Question

A particle executes simple harmonic oscillation with an amplitude $a$ . The period of oscillation is $T$ . The minimum time taken by the particle to travel half of the amplitude from the equilibrium position is
(A) $\dfrac{T}{4}$
(B) $\dfrac{T}{8}$
(C) $\dfrac{T}{{12}}$
(D) $\dfrac{T}{2}$

Answer 1

Use the formula of the simple harmonic motion given below and substitute the value of the displacement in it to find the value of the time taken. For the further simplification, the formula of the angular velocity is substituted to find the time taken.

Useful formula:
(1) The displacement equation of the particle that executes the simple harmonic motion is given as

$y = a\sin \omega t$

Where $y$ is the displacement of the particle, $a$ is the amplitude of the particle and the $\omega$ is the angular velocity and $t$ is the time taken.
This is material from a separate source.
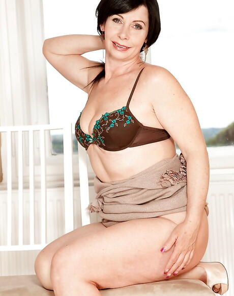 40 Something Mag: Attractive dark hair older Lilly denudes tiny tits and masturbates with dildo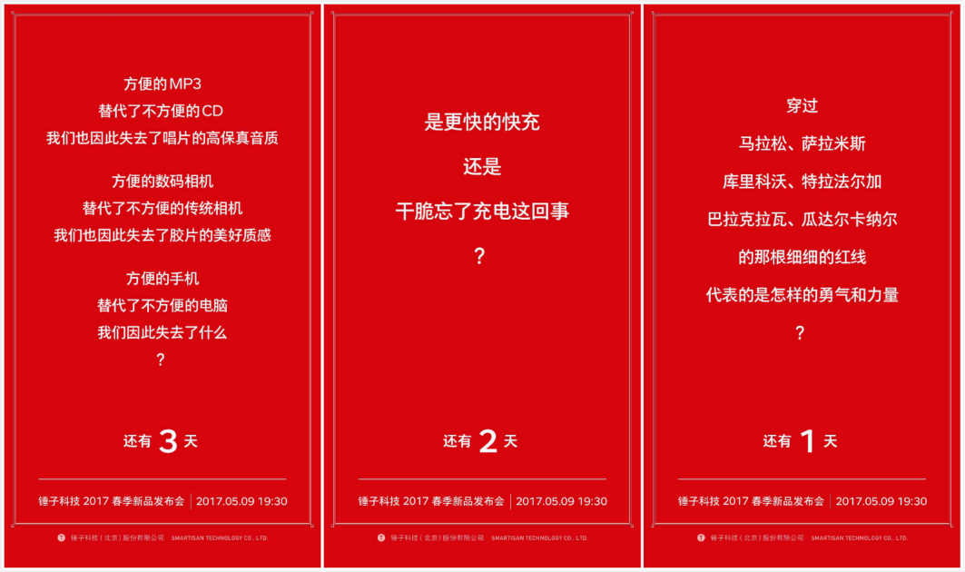 自去年10月发布M1系列后,锤子科技在产品上几乎没有发声,有消息称,新品定价千元,配备5.5英寸屏幕,高通骁龙626处理器,还有后置双摄等,为今年主流中端机水平。虽然有人判断发布会上硬件方面的惊喜并不大,但参考预热海报,相信罗永浩依旧还会在软件上有所突破,例如海报上的“胶囊”、“火枪”和“杀马特”功能,还有倒计时海报中提到的“充电”和“细细的红线”等。

(2) The angular velocity is given as

$\omega = \dfrac{{2\pi }}{T}$

Where $T$ is the time period.

Complete step by step solution:
Using the displacement equation,

$y = a\sin \omega t$

Since the time is calculated for the distance of half the amplitude, the displacement is taken as half the amplitude,

$\dfrac{a}{2} = a\sin \omega t$

By cancelling the similar terms in both sides of the equation, we get

$\sin \omega t = \dfrac{1}{2}$
$\omega t = {\sin ^{ - 1}}\left( {\dfrac{1}{2}} \right)$

The value of the ${\sin ^{ - 1}}\left( {\dfrac{1}{2}} \right)$ is $\dfrac{\pi }{6}$ .

$\omega t = \dfrac{\pi }{6}$

To find the value of the time taken,

$t = \dfrac{\pi }{{6\omega }}$

Substituting the formula of the angular velocity in the above equation, we get

$t = \dfrac{\pi }{{6\dfrac{{2\pi }}{T}}}$

By simplifying the above equation, we get

$t = \dfrac{T}{{12}}$

Hence the time taken by the particle to travel the half of the amplitude is

$\dfrac{T}{{12}}$ .

Thus the option (C) is correct.

Note: The simple harmonic motion indicates the periodic motion in which the repetitive movement of the motion forth and the back, so that the displacement on one side is equal to the displacement of the other side. The time taken for the half of the amplitude is $\dfrac{T}{{12}}$ and that for the amplitude is $\dfrac{T}{6}$ .